[Dataset excerpts]
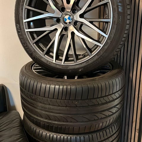 Tyske kvalitets Brock Fælge med Michelin Pilot Sport 4 dæk bag 315/35 for 275/40 - nypris dkk 26000 - fælgene er som nye uden ridser og dækkene har 5-6 mm tilbage - originale BMW logo passer i diameteren - passer på X5 årg 2018-2025 Model G05 - sælges samlet til halv pris dkk 13000
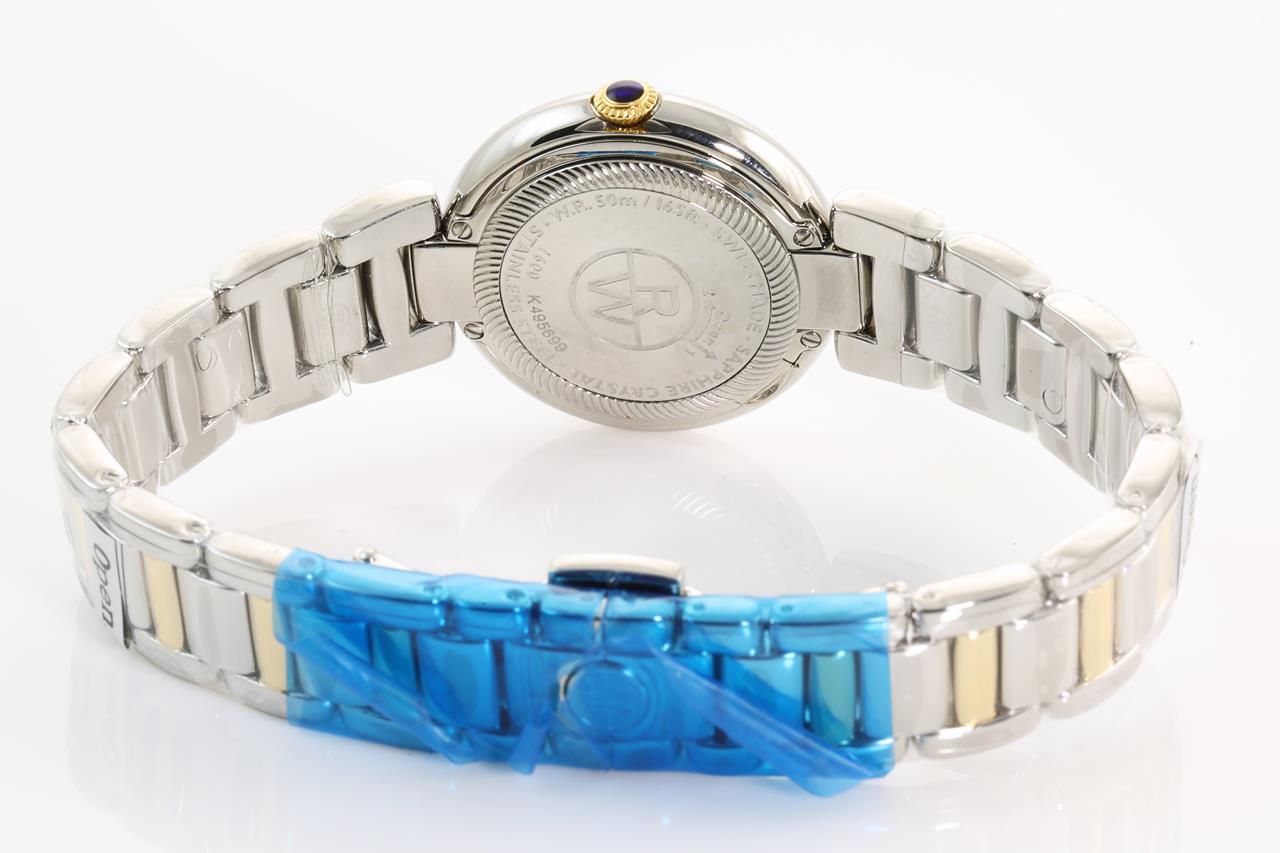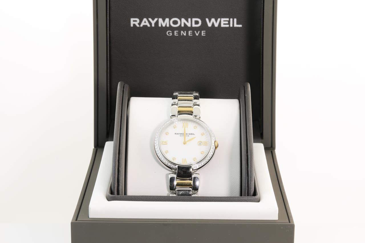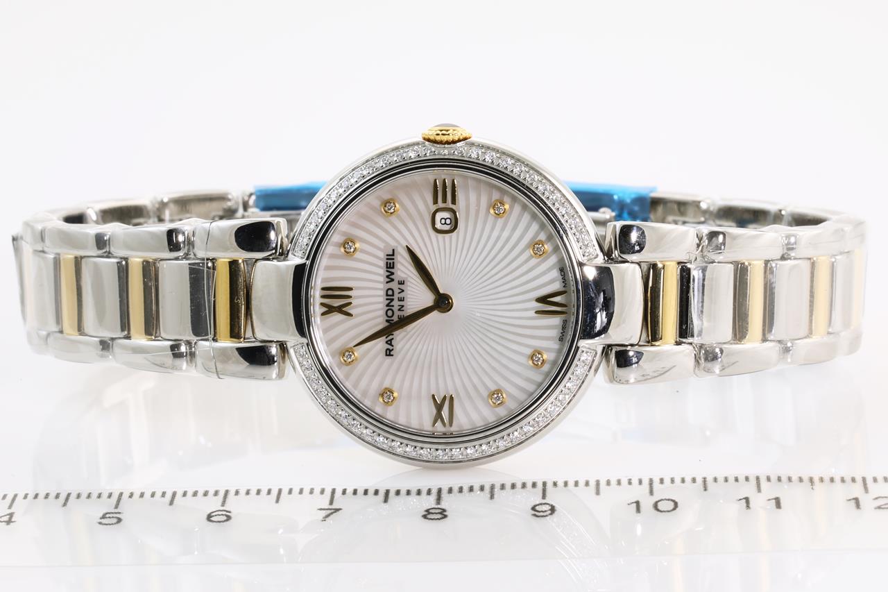 Raymond Weil Shine stainless steel quartz ladies watch. Mother of Pearl, Diamond indicators, Diamond set bezel, date, case diameter: 32mm, Swiss made. Ref #1600-STS-00995. With Raymond Weil stainless steel bracelet and clasp. With Raymond Weil spare black leather strap and clasp inside box. 12 month FSA warranty. (New, in original wrapping)
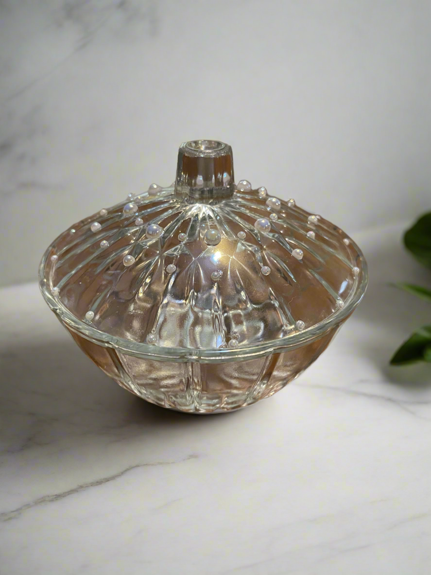 - Unique Design: A rare Depression glass piece elevated with hand-applied pearls for a sophisticated finish.
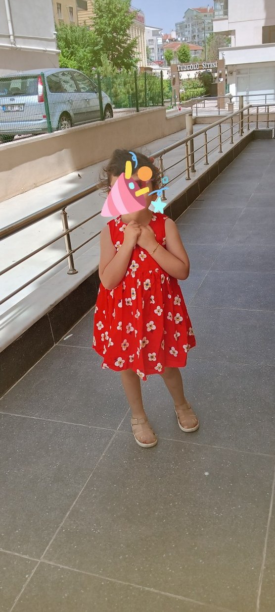 Kırmızı, V yaka ve fırfır detaylı bol kesim elbise. Canlı çiçek desenleri ve askılı kollarıyla, yumuşak sentetik kumaştan bohem tarzda. 4 5 yas sorunsuz
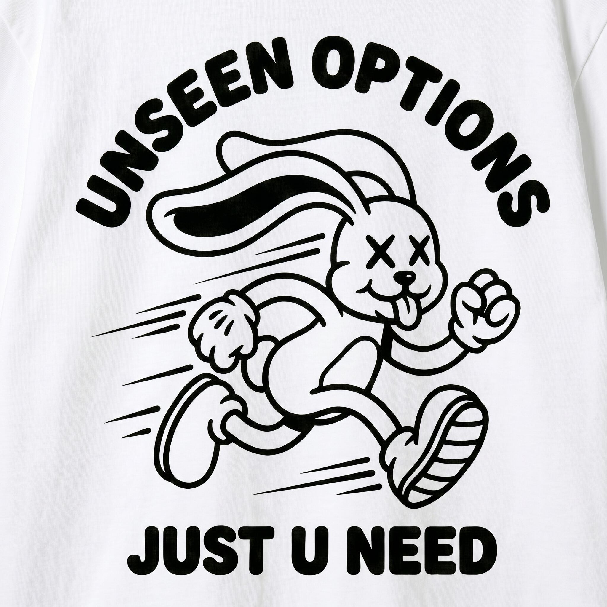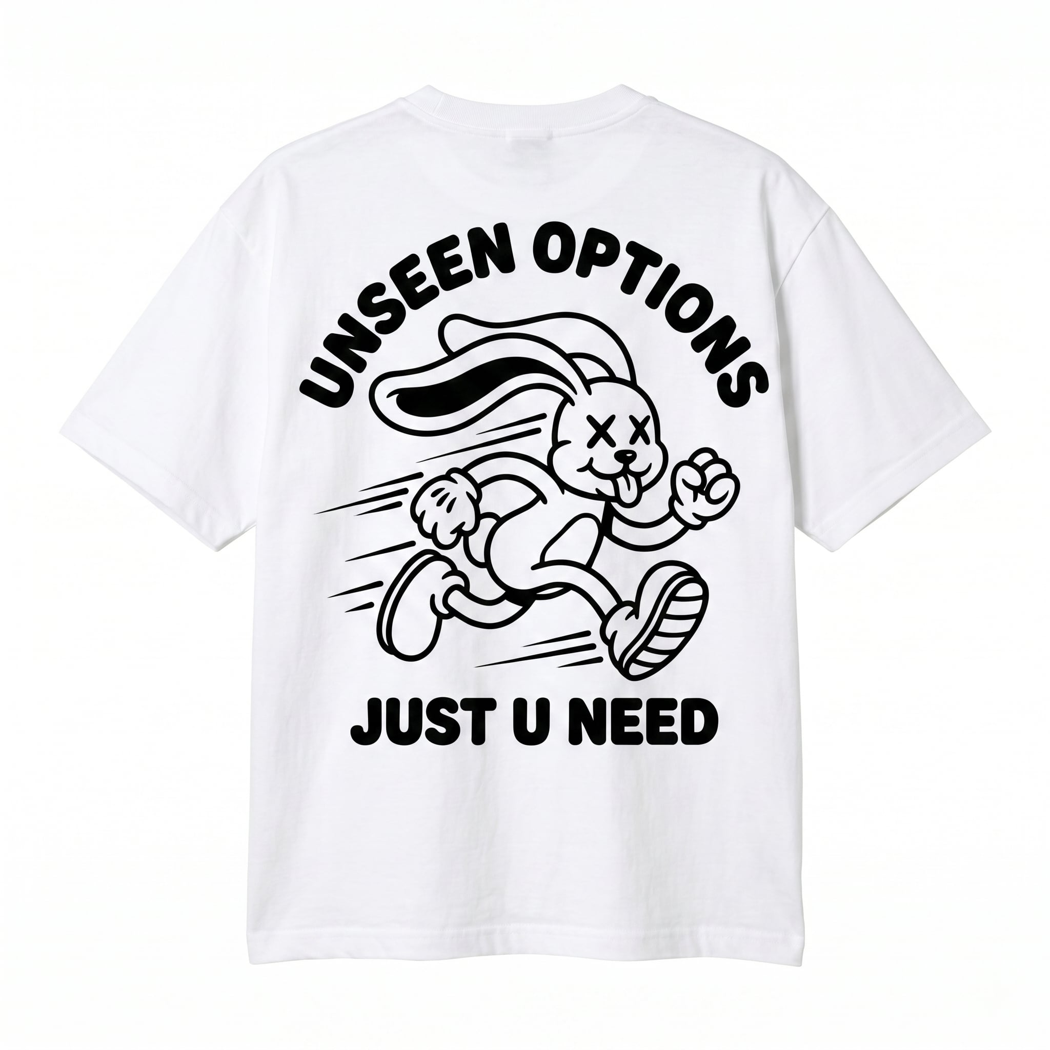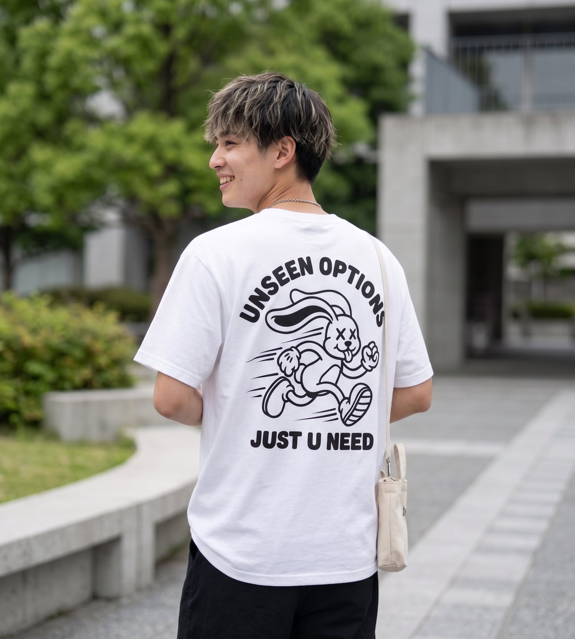 都会の喧騒の中に潜む、まだ見ぬ選択肢を。JUST U NEEDが提案する「Unseen Options Oversized Tee」は、日常に潜む無限の可能性を感じさせる一着です。フロント左胸には、あなた自身(You)、そして気づかれなかった内なる声(U + Ear = Rabbit)を象徴する、遊び心あふれるグラフィックをワンポイントで配置。背面には、大胆に駆け抜ける「×目」のうさぎが、諦めずに自分を表現し続けることのメッセージを伝えます。このOversizedシルエットは単なるトレンドではなく、自由な思考を象徴するスタイル。日々のコーディネートに新しい視点を取り入れ、日常をアップデートしてみませんか。

What is needed:
Transcribe the records above exactly, excluding every picture.

Written solution:
 Tyske kvalitets Brock Fælge med Michelin Pilot Sport 4 dæk bag 315/35 for 275/40 - nypris dkk 26000 - fælgene er som nye uden ridser og dækkene har 5-6 mm tilbage - originale BMW logo passer i diameteren - passer på X5 årg 2018-2025 Model G05 - sælges samlet til halv pris dkk 13000
 Raymond Weil Shine stainless steel quartz ladies watch. Mother of Pearl, Diamond indicators, Diamond set bezel, date, case diameter: 32mm, Swiss made. Ref #1600-STS-00995. With Raymond Weil stainless steel bracelet and clasp. With Raymond Weil spare black leather strap and clasp inside box. 12 month FSA warranty. (New, in original wrapping)
 - Unique Design: A rare Depression glass piece elevated with hand-applied pearls for a sophisticated finish.
 Kırmızı, V yaka ve fırfır detaylı bol kesim elbise. Canlı çiçek desenleri ve askılı kollarıyla, yumuşak sentetik kumaştan bohem tarzda. 4 5 yas sorunsuz
 都会の喧騒の中に潜む、まだ見ぬ選択肢を。JUST U NEEDが提案する「Unseen Options Oversized Tee」は、日常に潜む無限の可能性を感じさせる一着です。フロント左胸には、あなた自身(You)、そして気づかれなかった内なる声(U + Ear = Rabbit)を象徴する、遊び心あふれるグラフィックをワンポイントで配置。背面には、大胆に駆け抜ける「×目」のうさぎが、諦めずに自分を表現し続けることのメッセージを伝えます。このOversizedシルエットは単なるトレンドではなく、自由な思考を象徴するスタイル。日々のコーディネートに新しい視点を取り入れ、日常をアップデートしてみませんか。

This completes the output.